Speaking of Real Life…
We are days away from having a permanent address again. The lucky city that gets to hold us is none other than Los Angeles, California.
I have mixed feelings about this. For one, I was really looking forward to simplifying our life when we left Dallas at the end of September. Well, moving to LA to be closer to “the scene” doesn’t exactly scream Walden Pond. We will be living downtown, near Beverley Hills, so the traffic is absolutely horrendous. We drove less than a mile to go to dinner last Friday, and we took a premature turn in the process, which more than tripled our travel time. I felt trapped.
However, in my heart, I am hoping that once we actually move and get settled in, I will find the city to be a magical place. It will definitely be a change of pace for this country girl. (And I am country, although I didn’t know it until about 6 months ago when I was looking at a map of the United States, which had stars noting all the big – not major – cities in the country. There were ZERO stars in all of South Carolina. Talk about a paradigm shift – I thought I’d grown up in one!)
Richard has already played the hero (in spite of my Alien impersonation) and mapped out all the nearby places so I will have a running start on settling in. I told him that all I need is a grocery store, a thrift store, and a library within walking distance, and I’ll be fine. He padded the results with a few Red Box and restaurant locations, too, so all of my bases should be thoroughly covered.
And the Best Part Is…
One of the major pluses to settling down again is that my dog gets to come home. She has been at my sister’s house for 5 months, and I have missed her sorely. I keep having these dreams where I go to get her and she doesn’t remember me or doesn’t care. In fact, after one such dream, I woke up and told God that if my dog didn’t love me any more, I didn’t want her anyway.
That was the moment I realized the true value of my relationship with her – I just want her to really, really love me. Although I’m glad that she has bonded with my sister and seems to be doing fine, I also secretly want her to whine, molt, and be an insomniac in my absence.
So, after these recurring dreams where she doesn’t want me anymore, I’ve worried about what to expect when she comes home. But I had three different assurances last week that have me very hopeful. (Besides, my sister just had her spayed – what is there to be compete with??).

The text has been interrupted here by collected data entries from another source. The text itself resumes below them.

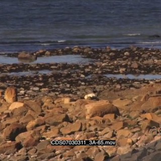 Polar bear resting on rocky shore ocean in BG
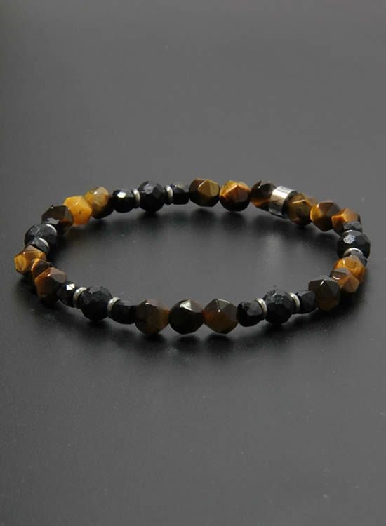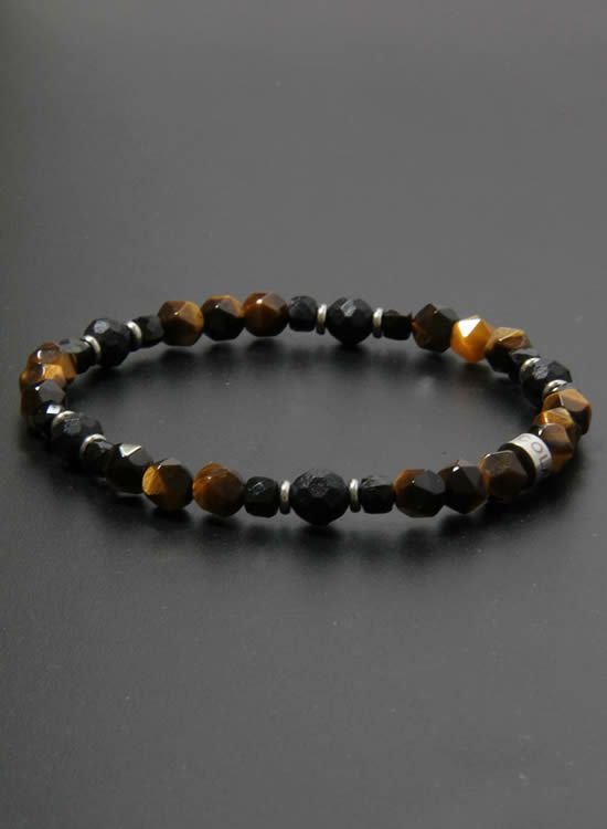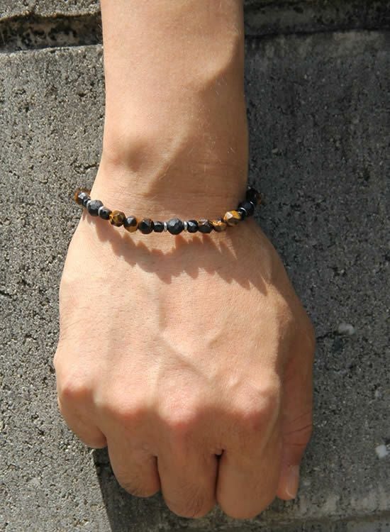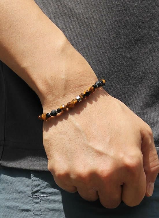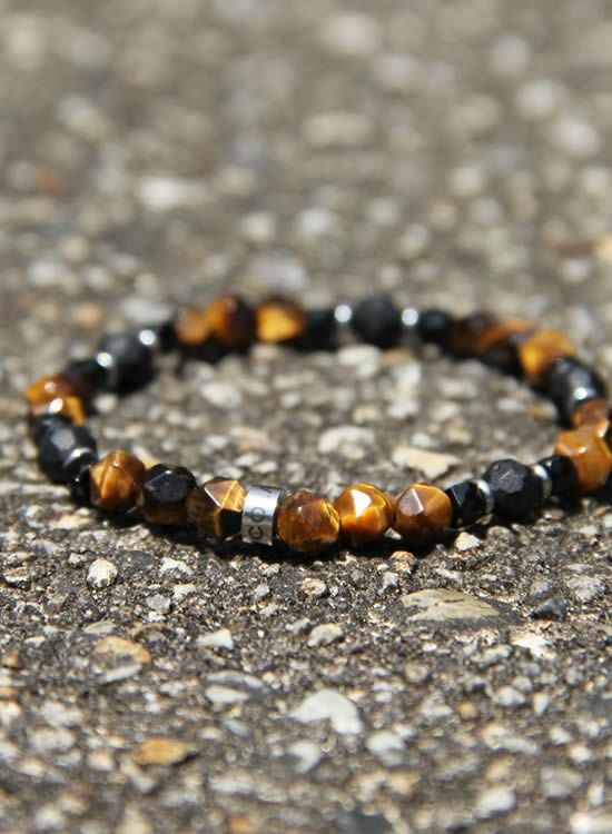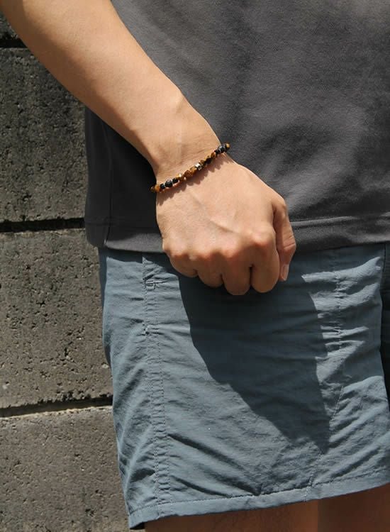 コレが登場するのを待っていたお客様も多いんじゃないでしょうか?ブルータイガーアイと並んで人気なのがタイガーアイです。この6mmの角・タイガーアイは石なのに木に見えるのがすっごく良くて!一年中ずっと着けれるアクセサリーなんです。タイガーアイが格好良く見えるようにシンプルに組みました。カッコイイ!! コチラの石はゴムを通す穴が小さくなっていて、通常のFORCE4の10mm玉ブレスレットに比べて通しているゴムが細くなっている為にゴムの強度を確保できませんでした。それでもゴムタイプが楽で使いやすいのが魅力で商品化に至りました。10mm玉のブレスレットより少し丁寧に扱って頂けると嬉しく思います。※よりゴムを伸ばさないように慎重に取扱い頂くようお願いします。また、ゴムのささくれ等を見つけた場合は早急にゴム交換をおススメします。
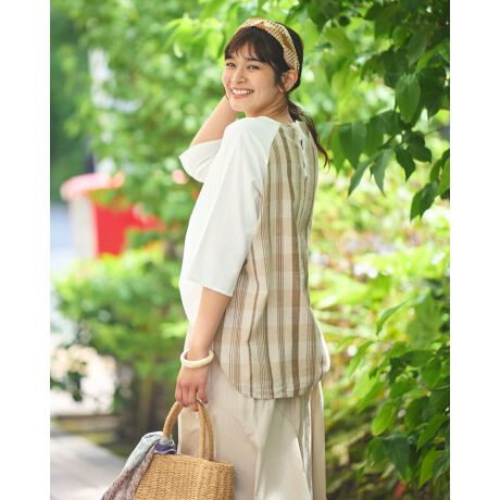 ラフに着られるサイズ感で体型を拾いません。二の腕もしっかりカバーした袖丈です。コーディネートのアクセントになる、後ろ身頃をチェック使いした1枚です。
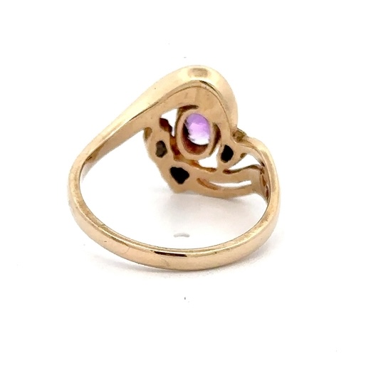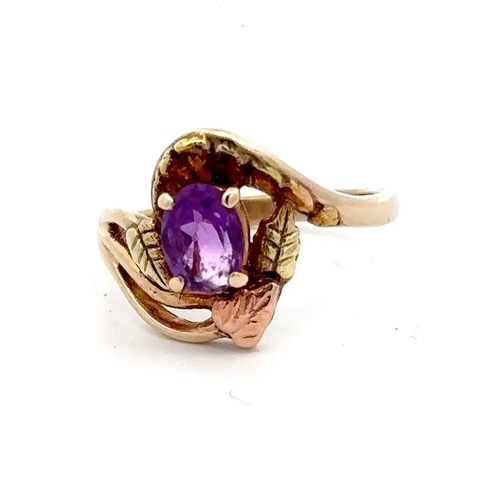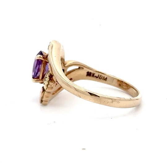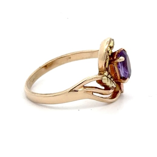 This lady’s estate ring features an amethyst, accented with Alaska nuggets and Black Hills Gold leaves. It is mounted in 3.7 grams of 10k yellow gold. Ring size 7 2/4.
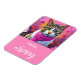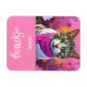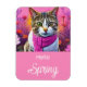 A vibrant spring Magnet with whimsical artwork. This charming tabby is wearing a magenta scarf, posing outdoors in a meadow with wild flowers in the background.Embracing a jazzy vibe with a cheerful "Hello Spring" note.
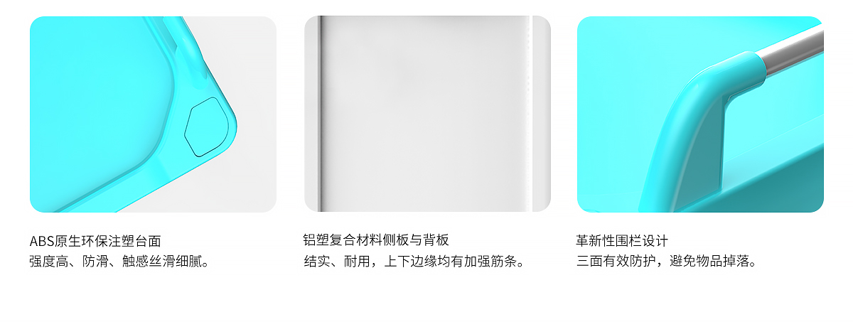 2.革新性圍欄設計,不銹鋼圓管搭配塑膠件,三面防護有效防止物品掉落;
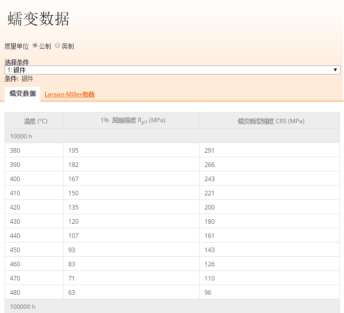 不同温度下的成形极限曲线和高应变曲线,用于模拟锻造、拉伸和其他成形工艺。断裂力学数据包括 K1C、KC、裂纹扩展和 Paris 常数,以及对应的裂纹扩展图。蠕变数据包括不同温度下的屈服强度和蠕变断裂强度,以及 Larson-Miller 参数和部件的剩余寿命计算。
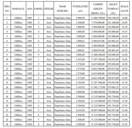 Bursa Mustafakemalpaşa Belediye Başkanlığı, tamamı Güllüce Mahallesi’nde yer alan toplam 24 adet arsayı satacağını duyurdu. 24 Kasım 2023 Cuma günü saat 14.00-15.55 arasında kapalı teklif usulüyle satılacak arsaların geçici teminat ve muhammen bedelleri belli oldu.
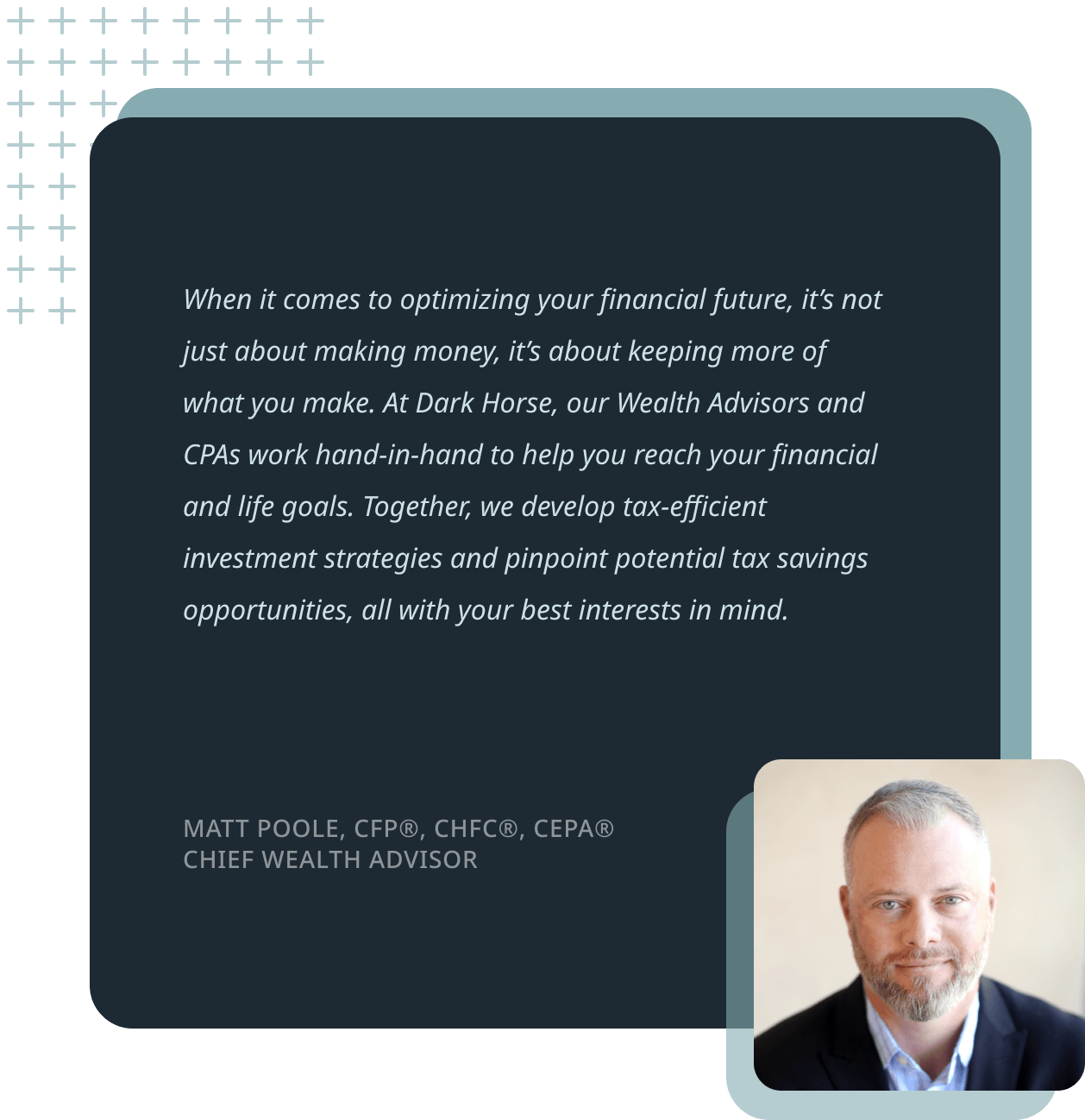 Taxes reduce your return on investment. While you can't totally eliminate the taxes related to your investments, you can substantially reduce or defer them with proper tax planning. That's what Dark Horse Private Wealth is all about...minimizing the taxes that eat away at your investments. We build financial plans and investment strategies for our clients that equally weigh tax efficiency and overall investment performance.
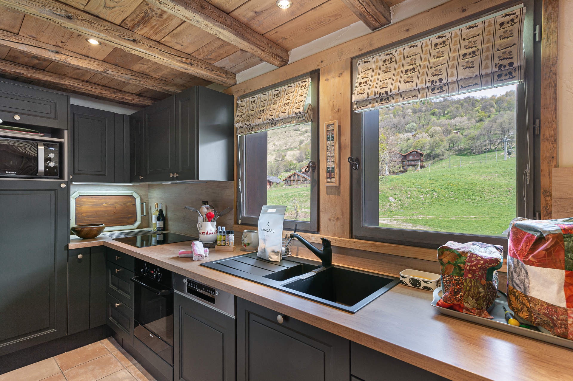 This apartment benefits from an exceptional ski-in / ski-out location in Saint Martin de Belleville. It can accommodate up to 6 adults and 2 children, on the third floor of the residence EPERVIERE.

One was a commercial of a soldier and her dog after she came home from being deployed, and one was a video of a lion hugging its rescuer after being reunited after a long time apart – both of which made me cry in my oxygen-deprived state. The third was a friend that told me that the dog she lost to her ex after a divorce still went hyper-crazy when she saw her again after years of being apart.
With that settled, now I just have to figure out HOW to get her here. I’m in California and she’s in Oklahoma.
Anyway, that’s one piece of a big puzzle at the moment. It will be interesting to see what 2013 has in store for me and my family. I don’t even bother trying to guess anymore. It’s been such a weird, unexpected ride these last several years. A few months ago, I started a sentence with, “When my life settles down, I’m going to....” And then I abruptly stopped as it hit me: I’d better stop expecting that to happen, and start doing everything now.